■ **PROBLEM DESCRIPTION**:
In the data below, find the line containing "Notre chou citron", then set down that line and every later line up to and including the line containing "Садова гойдалка GreenGard", exactly.

>>>

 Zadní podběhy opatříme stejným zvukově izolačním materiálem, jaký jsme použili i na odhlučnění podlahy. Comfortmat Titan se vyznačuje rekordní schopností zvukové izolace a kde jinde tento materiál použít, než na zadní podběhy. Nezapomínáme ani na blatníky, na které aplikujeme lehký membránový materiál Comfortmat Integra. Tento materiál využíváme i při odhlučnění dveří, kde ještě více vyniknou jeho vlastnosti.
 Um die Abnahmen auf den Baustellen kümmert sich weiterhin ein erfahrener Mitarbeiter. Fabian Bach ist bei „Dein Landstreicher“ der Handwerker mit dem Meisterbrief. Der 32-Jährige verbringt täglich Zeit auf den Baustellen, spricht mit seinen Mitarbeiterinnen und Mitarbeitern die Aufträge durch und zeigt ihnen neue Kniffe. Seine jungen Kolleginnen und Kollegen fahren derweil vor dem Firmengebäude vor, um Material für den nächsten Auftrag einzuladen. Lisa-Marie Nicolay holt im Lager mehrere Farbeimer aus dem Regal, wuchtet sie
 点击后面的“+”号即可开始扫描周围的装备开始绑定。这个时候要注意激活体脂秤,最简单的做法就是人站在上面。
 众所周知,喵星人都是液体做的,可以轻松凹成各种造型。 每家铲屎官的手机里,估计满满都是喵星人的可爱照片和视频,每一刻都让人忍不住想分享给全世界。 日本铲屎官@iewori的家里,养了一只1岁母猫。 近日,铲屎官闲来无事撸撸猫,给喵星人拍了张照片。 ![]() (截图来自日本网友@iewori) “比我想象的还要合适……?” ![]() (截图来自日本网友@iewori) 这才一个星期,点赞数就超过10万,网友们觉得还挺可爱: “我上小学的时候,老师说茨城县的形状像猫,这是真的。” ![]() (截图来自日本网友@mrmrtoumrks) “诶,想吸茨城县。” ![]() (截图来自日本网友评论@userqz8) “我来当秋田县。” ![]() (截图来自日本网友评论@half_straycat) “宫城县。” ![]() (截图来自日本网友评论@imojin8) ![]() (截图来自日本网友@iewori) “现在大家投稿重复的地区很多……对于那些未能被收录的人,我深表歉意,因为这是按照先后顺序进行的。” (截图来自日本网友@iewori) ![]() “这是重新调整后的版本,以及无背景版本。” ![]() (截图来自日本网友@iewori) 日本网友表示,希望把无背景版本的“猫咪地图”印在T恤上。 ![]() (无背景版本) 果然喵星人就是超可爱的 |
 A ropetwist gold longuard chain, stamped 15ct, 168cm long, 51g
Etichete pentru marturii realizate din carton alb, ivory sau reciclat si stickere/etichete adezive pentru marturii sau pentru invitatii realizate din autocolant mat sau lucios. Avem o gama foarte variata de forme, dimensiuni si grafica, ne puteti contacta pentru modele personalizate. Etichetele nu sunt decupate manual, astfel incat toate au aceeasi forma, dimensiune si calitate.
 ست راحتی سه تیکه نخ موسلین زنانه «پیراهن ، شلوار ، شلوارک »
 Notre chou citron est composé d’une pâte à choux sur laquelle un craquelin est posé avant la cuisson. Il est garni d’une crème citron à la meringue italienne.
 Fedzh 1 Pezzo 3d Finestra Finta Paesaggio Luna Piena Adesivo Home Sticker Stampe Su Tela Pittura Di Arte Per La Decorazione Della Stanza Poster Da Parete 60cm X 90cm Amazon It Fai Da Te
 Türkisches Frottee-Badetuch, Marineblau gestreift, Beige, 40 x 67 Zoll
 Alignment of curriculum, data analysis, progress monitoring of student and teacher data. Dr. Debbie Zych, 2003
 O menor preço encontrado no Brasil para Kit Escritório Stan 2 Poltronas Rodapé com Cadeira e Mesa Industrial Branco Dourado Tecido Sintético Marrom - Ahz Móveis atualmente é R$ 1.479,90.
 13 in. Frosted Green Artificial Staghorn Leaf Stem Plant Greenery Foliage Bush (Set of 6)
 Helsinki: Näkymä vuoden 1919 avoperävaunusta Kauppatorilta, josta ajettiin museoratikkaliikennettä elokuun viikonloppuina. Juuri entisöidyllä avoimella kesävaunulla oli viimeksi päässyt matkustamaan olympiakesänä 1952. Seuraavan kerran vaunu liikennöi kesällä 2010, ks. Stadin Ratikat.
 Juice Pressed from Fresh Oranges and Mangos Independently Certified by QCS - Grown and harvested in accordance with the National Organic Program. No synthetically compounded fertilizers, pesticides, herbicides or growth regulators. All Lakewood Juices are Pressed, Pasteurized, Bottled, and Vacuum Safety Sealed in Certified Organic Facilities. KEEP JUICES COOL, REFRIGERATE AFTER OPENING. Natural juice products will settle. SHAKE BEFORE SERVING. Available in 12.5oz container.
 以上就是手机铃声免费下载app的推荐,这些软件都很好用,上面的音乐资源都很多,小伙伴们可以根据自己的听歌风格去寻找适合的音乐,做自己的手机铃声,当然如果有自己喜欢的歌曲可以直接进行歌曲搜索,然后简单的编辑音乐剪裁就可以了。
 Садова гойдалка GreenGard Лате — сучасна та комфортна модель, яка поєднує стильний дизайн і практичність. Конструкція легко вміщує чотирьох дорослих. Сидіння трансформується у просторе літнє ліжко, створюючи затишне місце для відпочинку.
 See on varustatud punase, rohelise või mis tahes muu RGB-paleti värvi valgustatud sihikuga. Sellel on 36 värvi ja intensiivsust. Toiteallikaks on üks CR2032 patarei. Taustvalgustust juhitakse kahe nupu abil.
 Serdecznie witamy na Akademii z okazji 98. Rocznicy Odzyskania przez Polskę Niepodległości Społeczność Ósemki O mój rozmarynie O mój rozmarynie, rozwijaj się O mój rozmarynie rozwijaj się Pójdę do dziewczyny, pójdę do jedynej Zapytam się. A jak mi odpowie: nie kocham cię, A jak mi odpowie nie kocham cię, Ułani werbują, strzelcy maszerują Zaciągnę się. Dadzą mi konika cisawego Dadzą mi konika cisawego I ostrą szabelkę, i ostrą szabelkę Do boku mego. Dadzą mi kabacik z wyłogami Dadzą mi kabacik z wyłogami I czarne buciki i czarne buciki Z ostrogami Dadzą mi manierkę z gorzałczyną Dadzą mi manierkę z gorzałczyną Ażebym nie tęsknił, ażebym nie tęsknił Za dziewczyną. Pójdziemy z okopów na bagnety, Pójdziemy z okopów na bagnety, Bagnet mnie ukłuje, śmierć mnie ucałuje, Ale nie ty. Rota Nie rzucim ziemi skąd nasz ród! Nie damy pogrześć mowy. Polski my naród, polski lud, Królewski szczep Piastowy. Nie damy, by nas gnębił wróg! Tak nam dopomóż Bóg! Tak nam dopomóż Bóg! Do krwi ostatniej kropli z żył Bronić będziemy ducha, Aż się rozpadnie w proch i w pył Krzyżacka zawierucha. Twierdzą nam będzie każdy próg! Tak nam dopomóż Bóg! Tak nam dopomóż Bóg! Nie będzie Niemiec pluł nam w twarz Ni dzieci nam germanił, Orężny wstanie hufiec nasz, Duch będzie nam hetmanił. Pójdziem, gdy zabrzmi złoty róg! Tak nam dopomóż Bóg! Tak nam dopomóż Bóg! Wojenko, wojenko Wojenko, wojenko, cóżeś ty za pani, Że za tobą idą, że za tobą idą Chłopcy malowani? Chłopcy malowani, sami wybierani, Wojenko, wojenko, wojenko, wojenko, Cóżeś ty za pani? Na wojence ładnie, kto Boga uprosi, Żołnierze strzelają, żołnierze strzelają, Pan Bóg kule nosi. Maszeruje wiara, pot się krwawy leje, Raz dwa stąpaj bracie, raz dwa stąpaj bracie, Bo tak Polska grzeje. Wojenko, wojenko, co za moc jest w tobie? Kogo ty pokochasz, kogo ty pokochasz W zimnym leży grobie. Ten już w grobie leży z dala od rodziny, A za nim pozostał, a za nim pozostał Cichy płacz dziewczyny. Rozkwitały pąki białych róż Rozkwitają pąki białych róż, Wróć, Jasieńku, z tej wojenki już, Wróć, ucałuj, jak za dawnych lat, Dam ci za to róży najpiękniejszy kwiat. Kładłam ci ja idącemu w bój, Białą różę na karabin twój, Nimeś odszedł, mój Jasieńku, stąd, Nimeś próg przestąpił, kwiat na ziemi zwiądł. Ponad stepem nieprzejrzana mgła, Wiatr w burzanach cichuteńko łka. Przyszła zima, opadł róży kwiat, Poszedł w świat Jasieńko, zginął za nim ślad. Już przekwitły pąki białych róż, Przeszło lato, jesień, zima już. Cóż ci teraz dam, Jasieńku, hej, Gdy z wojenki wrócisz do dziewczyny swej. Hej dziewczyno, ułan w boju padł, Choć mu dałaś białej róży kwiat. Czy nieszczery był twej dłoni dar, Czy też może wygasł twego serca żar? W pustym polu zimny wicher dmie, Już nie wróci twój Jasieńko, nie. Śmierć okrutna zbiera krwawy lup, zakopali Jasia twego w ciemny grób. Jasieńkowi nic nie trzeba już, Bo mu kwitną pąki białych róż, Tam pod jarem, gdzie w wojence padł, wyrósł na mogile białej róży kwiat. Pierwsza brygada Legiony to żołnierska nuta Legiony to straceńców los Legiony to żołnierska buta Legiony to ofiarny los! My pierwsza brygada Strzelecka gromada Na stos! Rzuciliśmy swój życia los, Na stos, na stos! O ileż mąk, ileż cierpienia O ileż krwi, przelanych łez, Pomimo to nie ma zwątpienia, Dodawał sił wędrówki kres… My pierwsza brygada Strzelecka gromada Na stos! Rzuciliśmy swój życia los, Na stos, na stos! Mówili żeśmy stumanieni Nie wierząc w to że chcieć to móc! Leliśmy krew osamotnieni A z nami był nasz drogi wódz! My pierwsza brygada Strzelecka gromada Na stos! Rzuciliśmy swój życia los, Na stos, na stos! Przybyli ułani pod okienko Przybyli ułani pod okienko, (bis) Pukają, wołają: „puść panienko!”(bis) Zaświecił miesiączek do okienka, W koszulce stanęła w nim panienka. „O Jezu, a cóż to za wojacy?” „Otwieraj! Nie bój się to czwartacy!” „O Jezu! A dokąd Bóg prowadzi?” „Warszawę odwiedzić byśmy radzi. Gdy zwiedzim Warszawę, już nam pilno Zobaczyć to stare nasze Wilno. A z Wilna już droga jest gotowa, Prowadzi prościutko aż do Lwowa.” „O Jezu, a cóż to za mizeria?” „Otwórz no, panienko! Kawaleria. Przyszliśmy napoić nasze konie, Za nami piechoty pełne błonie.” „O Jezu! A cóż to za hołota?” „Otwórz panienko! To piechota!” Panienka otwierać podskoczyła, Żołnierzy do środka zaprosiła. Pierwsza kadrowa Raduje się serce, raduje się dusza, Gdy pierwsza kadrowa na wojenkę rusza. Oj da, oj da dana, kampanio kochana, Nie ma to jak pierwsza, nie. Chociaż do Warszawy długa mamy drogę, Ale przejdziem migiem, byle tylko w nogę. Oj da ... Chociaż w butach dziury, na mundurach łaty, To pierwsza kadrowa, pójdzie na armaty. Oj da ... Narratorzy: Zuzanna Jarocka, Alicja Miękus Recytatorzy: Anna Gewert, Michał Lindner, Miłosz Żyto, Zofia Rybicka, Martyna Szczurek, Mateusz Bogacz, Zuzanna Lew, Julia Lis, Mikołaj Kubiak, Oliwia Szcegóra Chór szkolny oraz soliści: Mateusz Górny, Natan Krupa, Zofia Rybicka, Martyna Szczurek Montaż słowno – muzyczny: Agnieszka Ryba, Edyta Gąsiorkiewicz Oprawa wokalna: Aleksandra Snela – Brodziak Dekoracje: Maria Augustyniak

<<<

■ **TASK RESULT**:
 Notre chou citron est composé d’une pâte à choux sur laquelle un craquelin est posé avant la cuisson. Il est garni d’une crème citron à la meringue italienne.
 Fedzh 1 Pezzo 3d Finestra Finta Paesaggio Luna Piena Adesivo Home Sticker Stampe Su Tela Pittura Di Arte Per La Decorazione Della Stanza Poster Da Parete 60cm X 90cm Amazon It Fai Da Te
 Türkisches Frottee-Badetuch, Marineblau gestreift, Beige, 40 x 67 Zoll
 Alignment of curriculum, data analysis, progress monitoring of student and teacher data. Dr. Debbie Zych, 2003
 O menor preço encontrado no Brasil para Kit Escritório Stan 2 Poltronas Rodapé com Cadeira e Mesa Industrial Branco Dourado Tecido Sintético Marrom - Ahz Móveis atualmente é R$ 1.479,90.
 13 in. Frosted Green Artificial Staghorn Leaf Stem Plant Greenery Foliage Bush (Set of 6)
 Helsinki: Näkymä vuoden 1919 avoperävaunusta Kauppatorilta, josta ajettiin museoratikkaliikennettä elokuun viikonloppuina. Juuri entisöidyllä avoimella kesävaunulla oli viimeksi päässyt matkustamaan olympiakesänä 1952. Seuraavan kerran vaunu liikennöi kesällä 2010, ks. Stadin Ratikat.
 Juice Pressed from Fresh Oranges and Mangos Independently Certified by QCS - Grown and harvested in accordance with the National Organic Program. No synthetically compounded fertilizers, pesticides, herbicides or growth regulators. All Lakewood Juices are Pressed, Pasteurized, Bottled, and Vacuum Safety Sealed in Certified Organic Facilities. KEEP JUICES COOL, REFRIGERATE AFTER OPENING. Natural juice products will settle. SHAKE BEFORE SERVING. Available in 12.5oz container.
 以上就是手机铃声免费下载app的推荐,这些软件都很好用,上面的音乐资源都很多,小伙伴们可以根据自己的听歌风格去寻找适合的音乐,做自己的手机铃声,当然如果有自己喜欢的歌曲可以直接进行歌曲搜索,然后简单的编辑音乐剪裁就可以了。
 Садова гойдалка GreenGard Лате — сучасна та комфортна модель, яка поєднує стильний дизайн і практичність. Конструкція легко вміщує чотирьох дорослих. Сидіння трансформується у просторе літнє ліжко, створюючи затишне місце для відпочинку.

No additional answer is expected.